**TASK REQUIREMENTS:**
Below are entries. Reproduce exactly the lines between the line holding "冷めたてをスープと一緒に。人" and the line holding "Table 1. Demographic", inclusive, and only those.

**SOURCE DATA:**
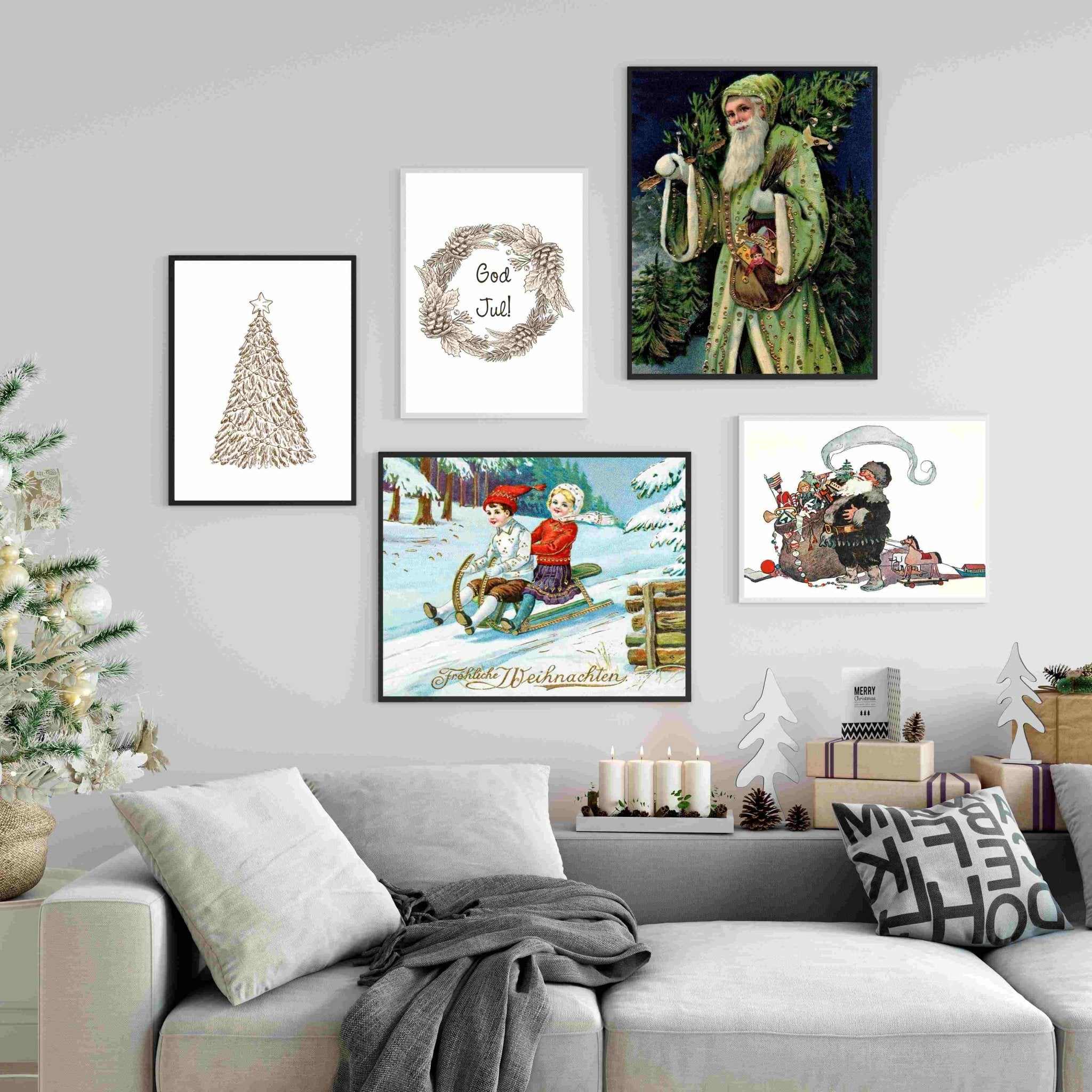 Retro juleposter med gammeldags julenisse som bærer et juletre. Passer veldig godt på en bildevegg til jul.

--

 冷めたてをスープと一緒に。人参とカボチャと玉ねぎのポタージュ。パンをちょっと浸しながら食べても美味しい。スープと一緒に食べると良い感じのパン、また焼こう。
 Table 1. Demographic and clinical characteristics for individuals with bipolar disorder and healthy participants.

**RESULT FOR THIS EXERCISE:**
 冷めたてをスープと一緒に。人参とカボチャと玉ねぎのポタージュ。パンをちょっと浸しながら食べても美味しい。スープと一緒に食べると良い感じのパン、また焼こう。
 Table 1. Demographic and clinical characteristics for individuals with bipolar disorder and healthy participants.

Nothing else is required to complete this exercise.